EXERCISE REQUIREMENTS:
Beginning at the top of the data below, restate every line word for word until the line containing "De sunga Kaique" has been included, and omit the pictures.

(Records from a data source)
========================================================================

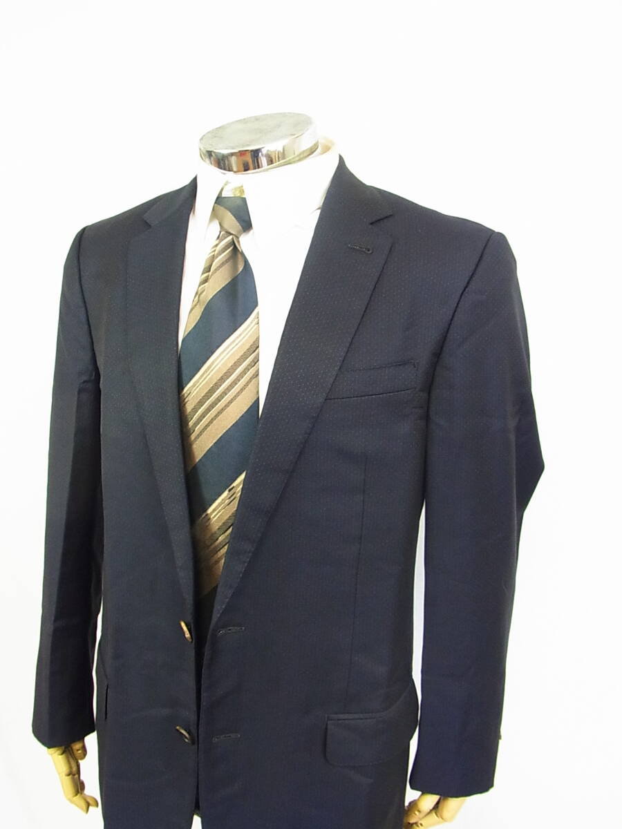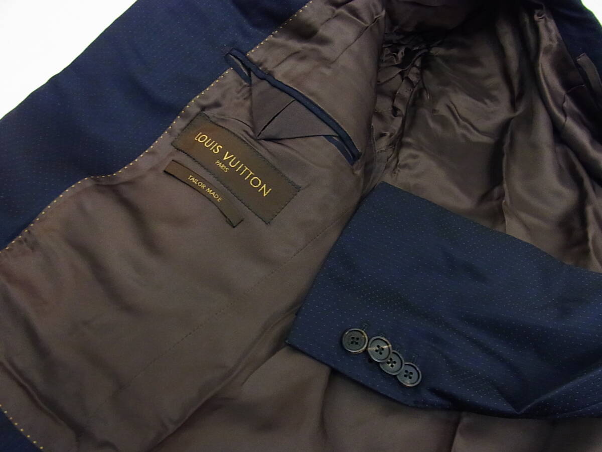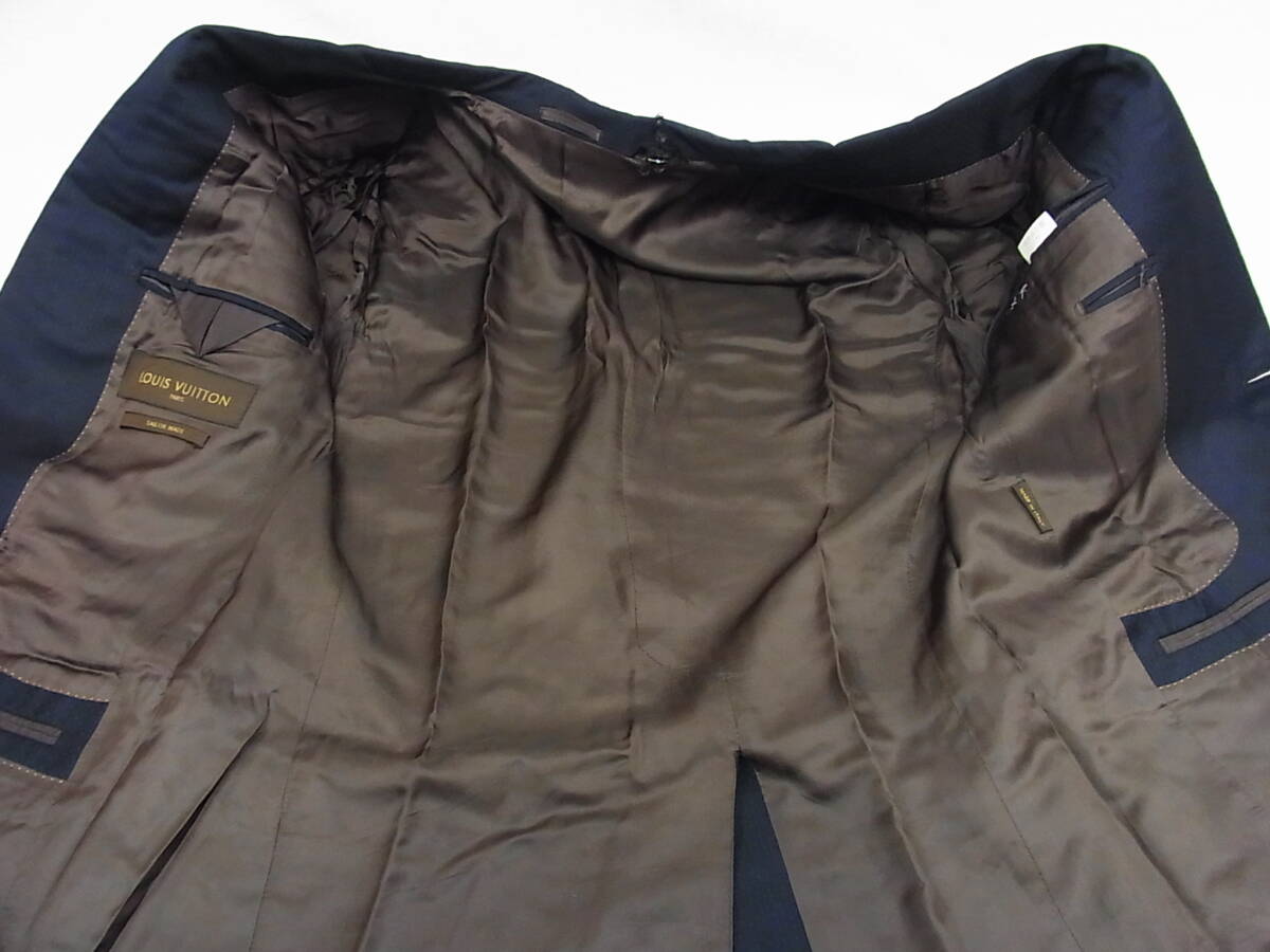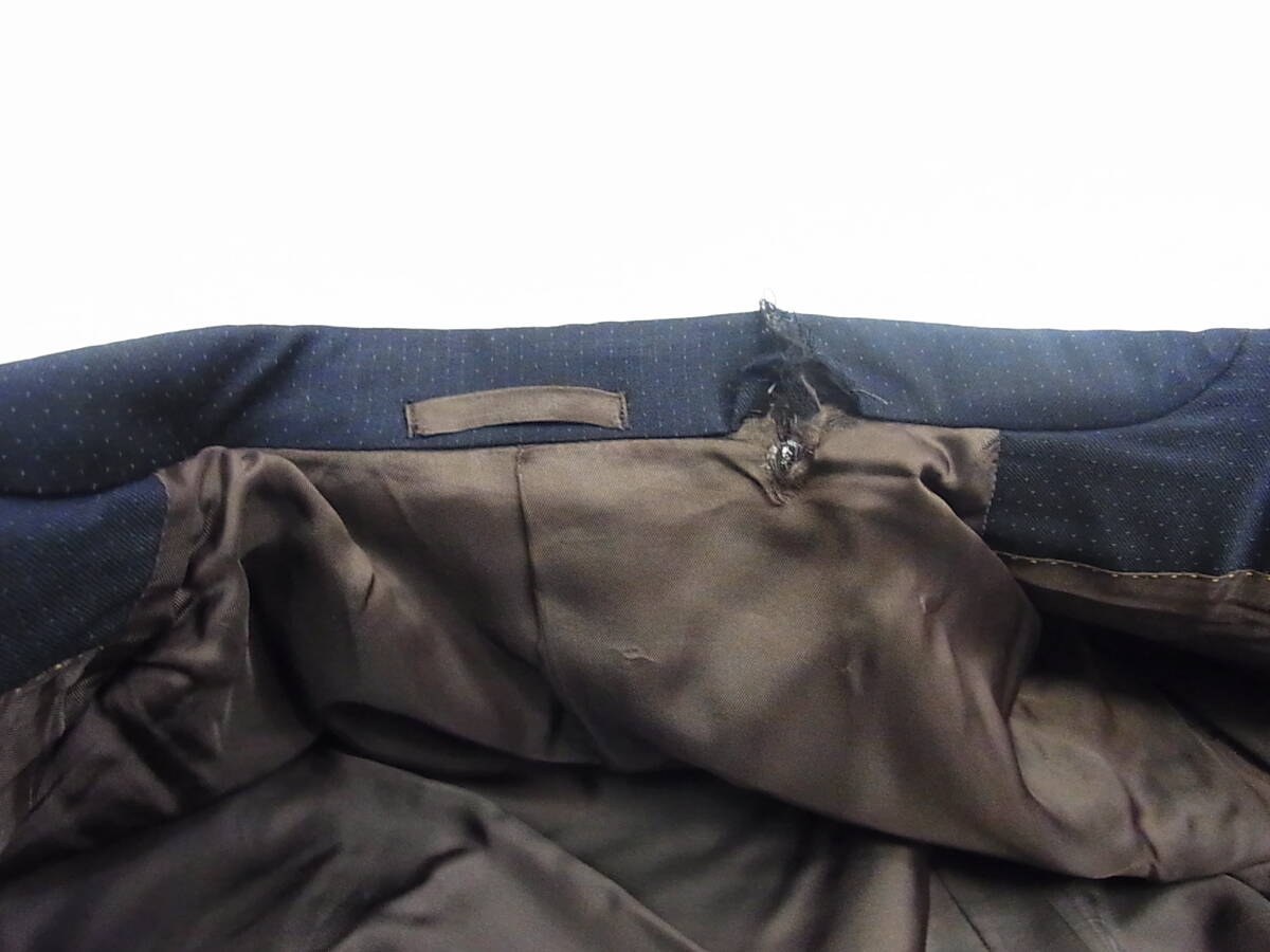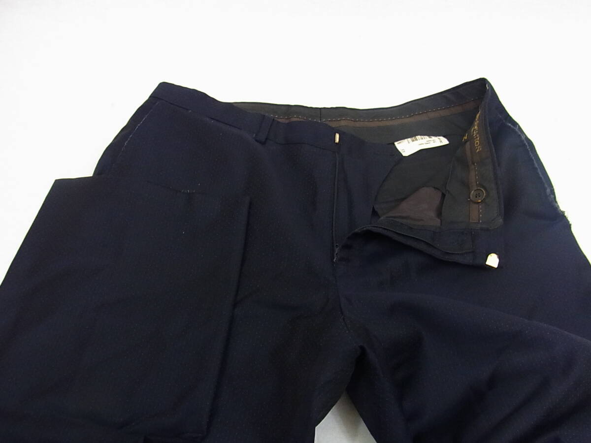 ルイヴィトンのスーツ使用品です。 サイズは52、着丈76cm(センターベンツの総裏)・肩幅47cm・袖丈63cm・身幅53cm、ウエスト82cm(+7cm出し可能)・股上26cm・股下75cm・裾幅21cmのシングル仕上げになります。 素材はウール100%、状態はジャケットの襟にダメージ・パンツのポケットや裾にすり切れがあるなど あまり状態は良くありませんのでご了承下さいませ。この機会に是非どうぞ☆ 商品管理番号(55002) 7-77 | |
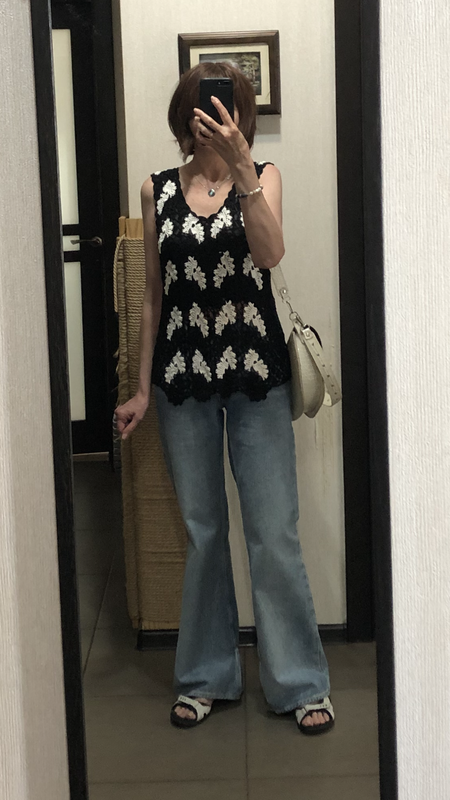 Снова я со своей писаной тобой:). Продолжение примерки. Такой на вечер вариант. Верх тогда будет кожанка.
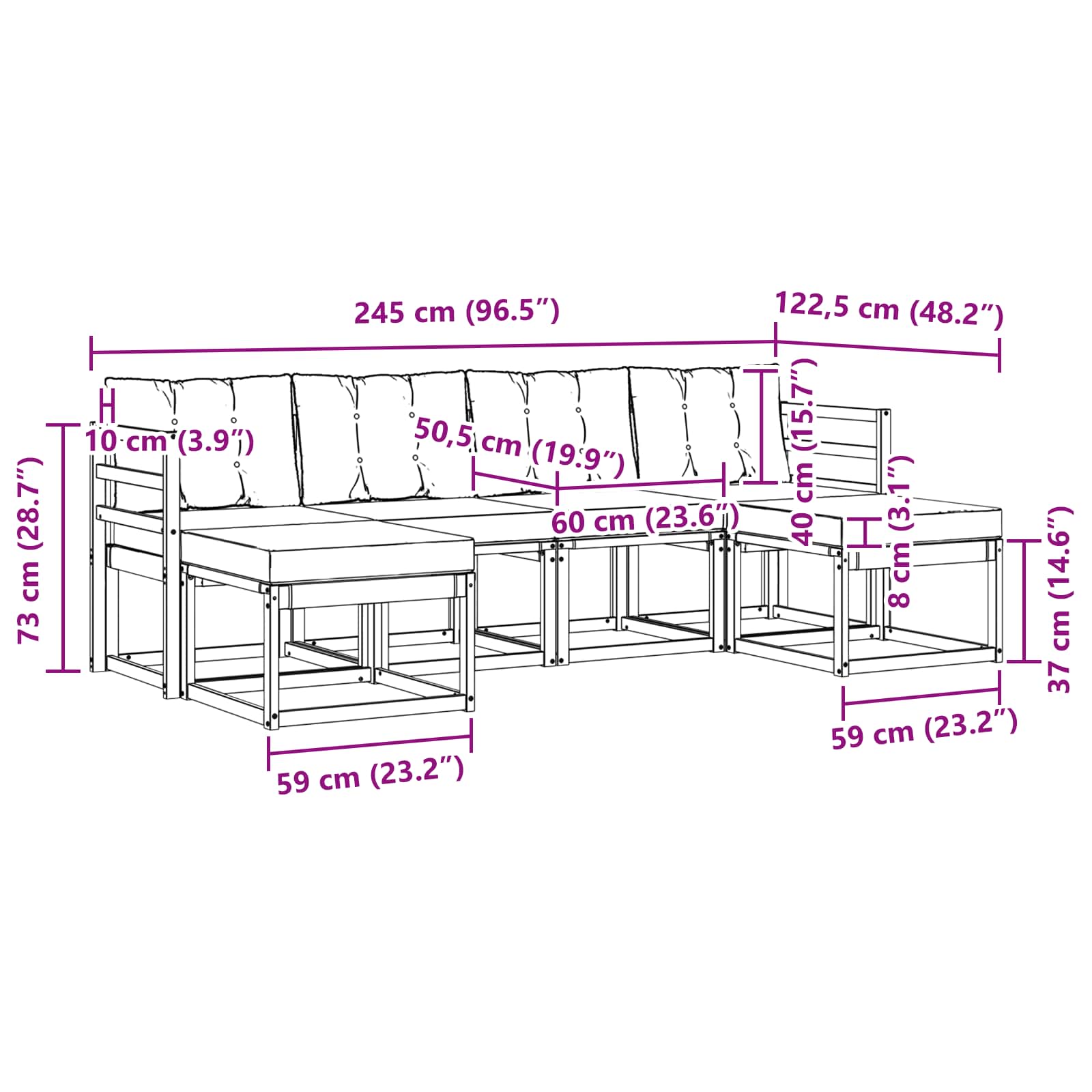 - 4 x Srednji Sofe: 59 x 63 x 73 cm (D x Š x V)
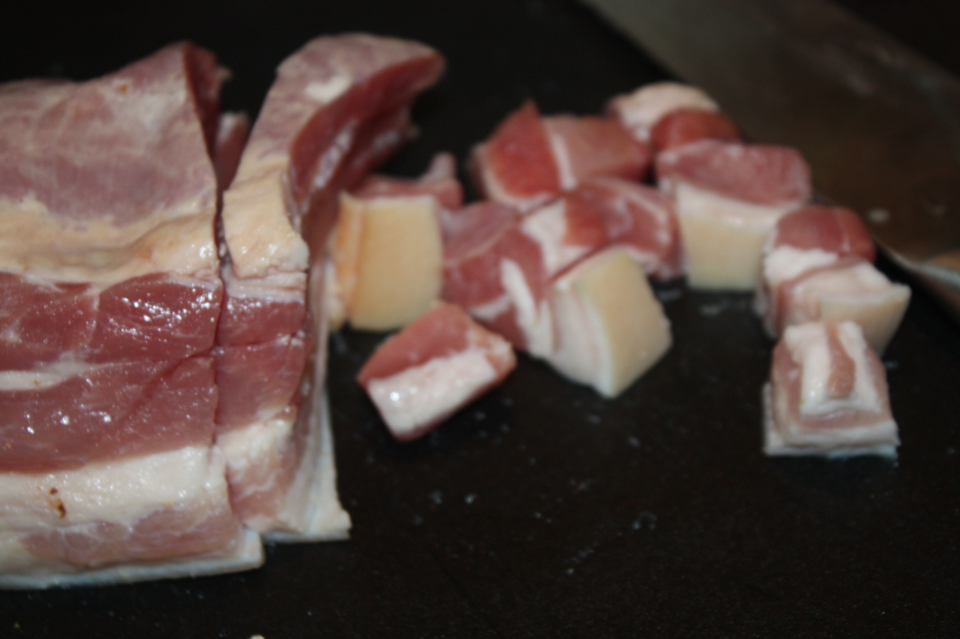 6. Kutt bacon i terninger, og fres i pannen sammen med brokkoli og blomkålbuktter.
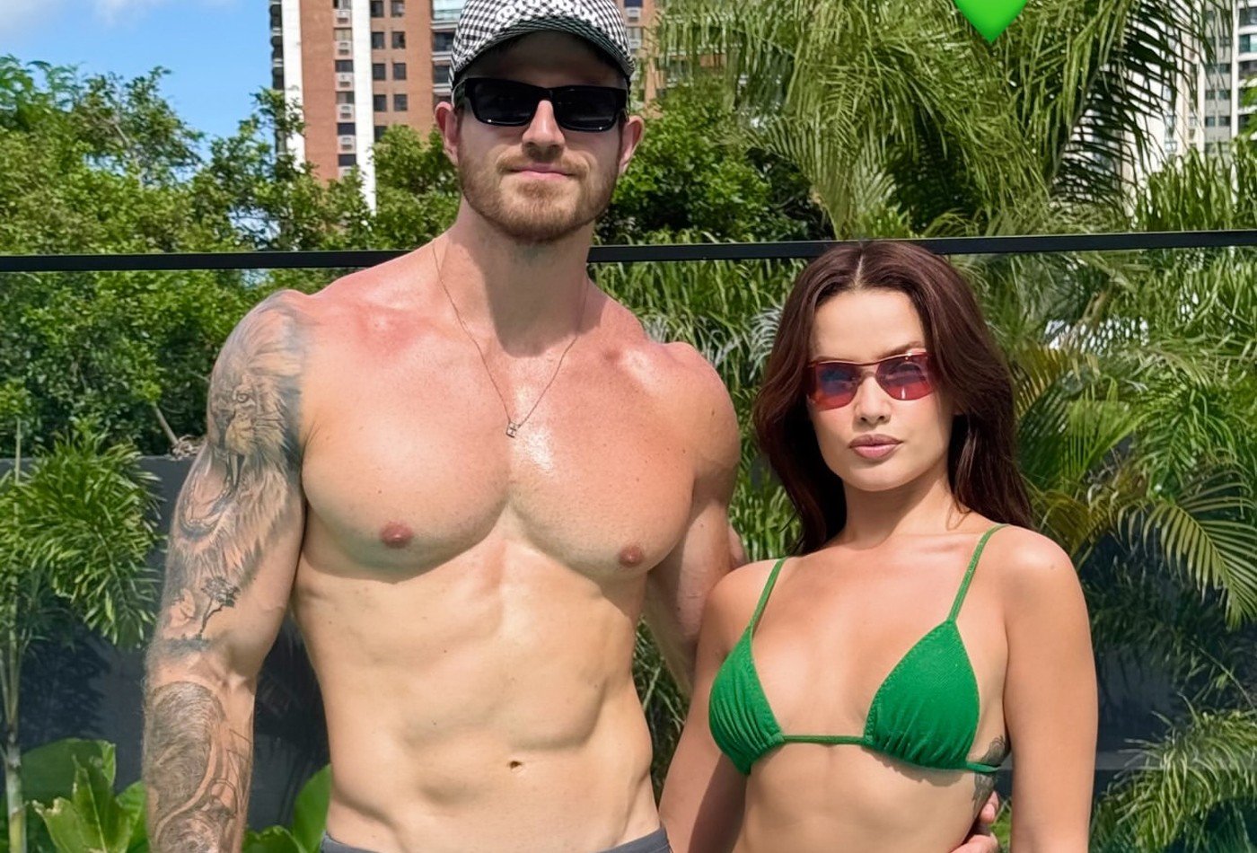De sunga Kaique Cerveny rouba a cena em dia de piscina com a noiva de Juliette
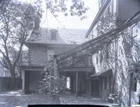Detailied rear view of Grumblethorpe, showing a water pump and the large arbor attached to the rear ell extension to support a grape vine. Built in 1744 by Philadelphia wine merchant John Wister. His house was the first in Germantown built solely for summer residency and greatly exceeded the dimensions of the homes around it, giving it the nickname "Wister's Big House."
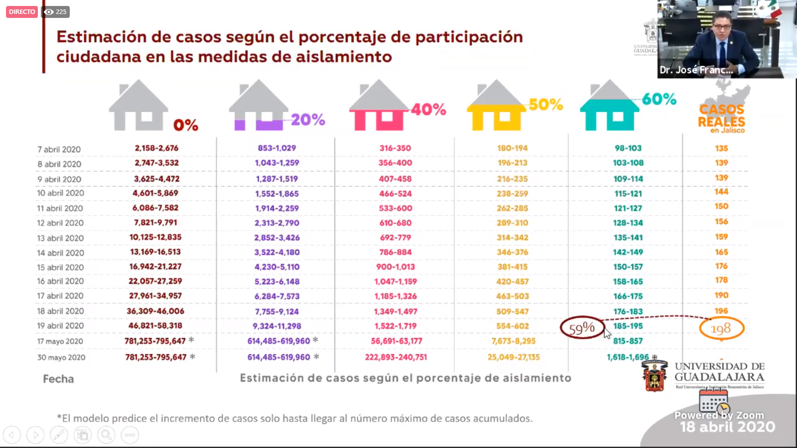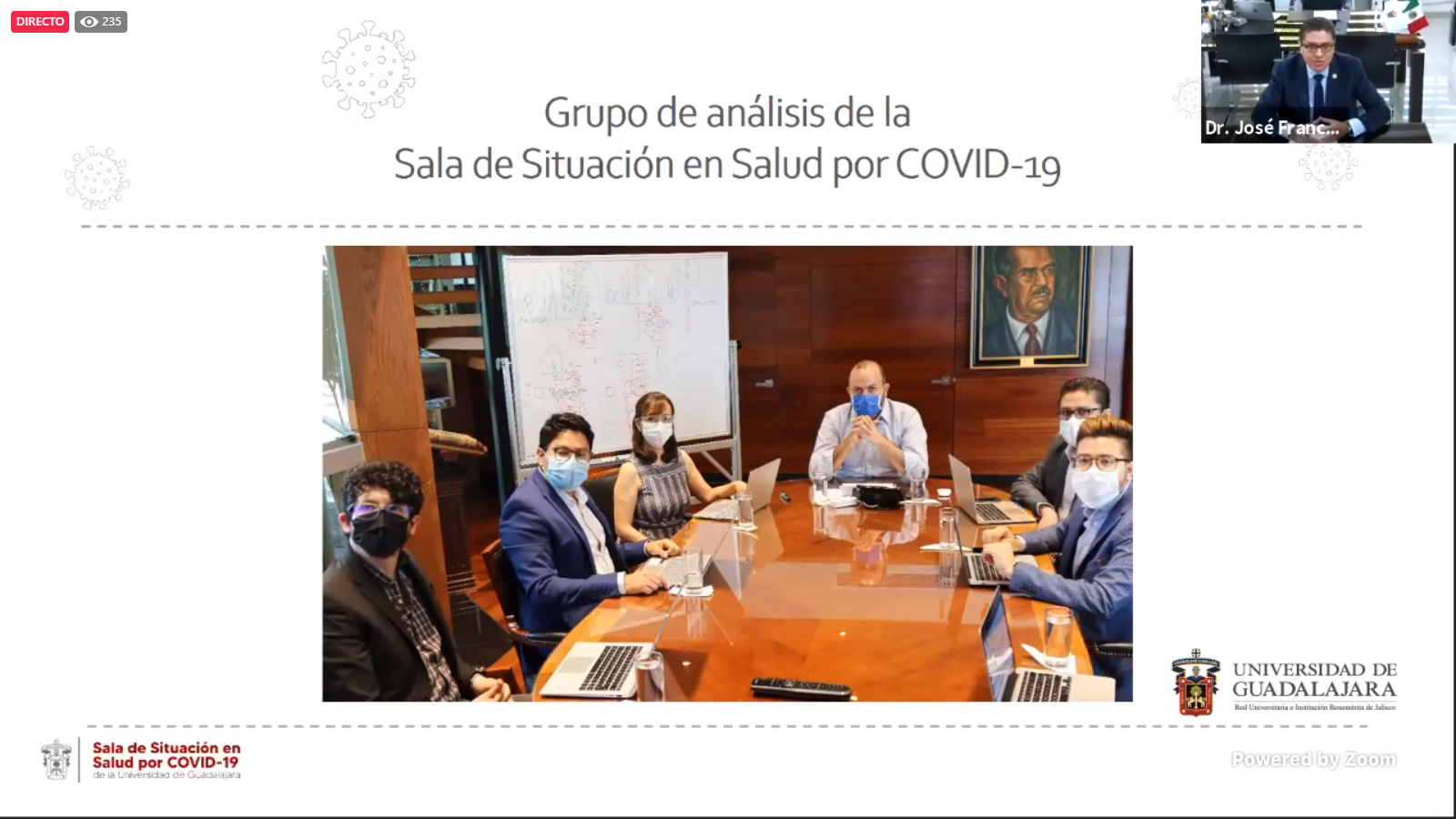 Destacó la labor de la Universidad de Guadalajara, que desde el mes de enero empezó a trabajar con las medidas que eran pertinentes a difundir entre la población y por la instalación de la Sala de Situación en Salud por COVID-19, sugerencia de las organizaciones Panamericana de la Salud y Mundial de la Salud, a partir de la cual se emiten recomendaciones y sugerencias.
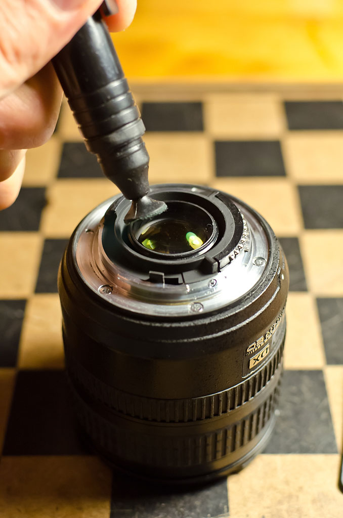 24. Чистка задней и передней линз. Нет нужды говорить, что процесс должен происходить в чистом помещении (мое таковым не является), и что под рукой полезно иметь баллон сжатого воздуха, чтобы выдувать пыль из объектива.

========================================================================

WORKED SOLUTION:
 ルイヴィトンのスーツ使用品です。 サイズは52、着丈76cm(センターベンツの総裏)・肩幅47cm・袖丈63cm・身幅53cm、ウエスト82cm(+7cm出し可能)・股上26cm・股下75cm・裾幅21cmのシングル仕上げになります。 素材はウール100%、状態はジャケットの襟にダメージ・パンツのポケットや裾にすり切れがあるなど あまり状態は良くありませんのでご了承下さいませ。この機会に是非どうぞ☆ 商品管理番号(55002) 7-77 | |
 Снова я со своей писаной тобой:). Продолжение примерки. Такой на вечер вариант. Верх тогда будет кожанка.
 - 4 x Srednji Sofe: 59 x 63 x 73 cm (D x Š x V)
 6. Kutt bacon i terninger, og fres i pannen sammen med brokkoli og blomkålbuktter.
De sunga Kaique Cerveny rouba a cena em dia de piscina com a noiva de Juliette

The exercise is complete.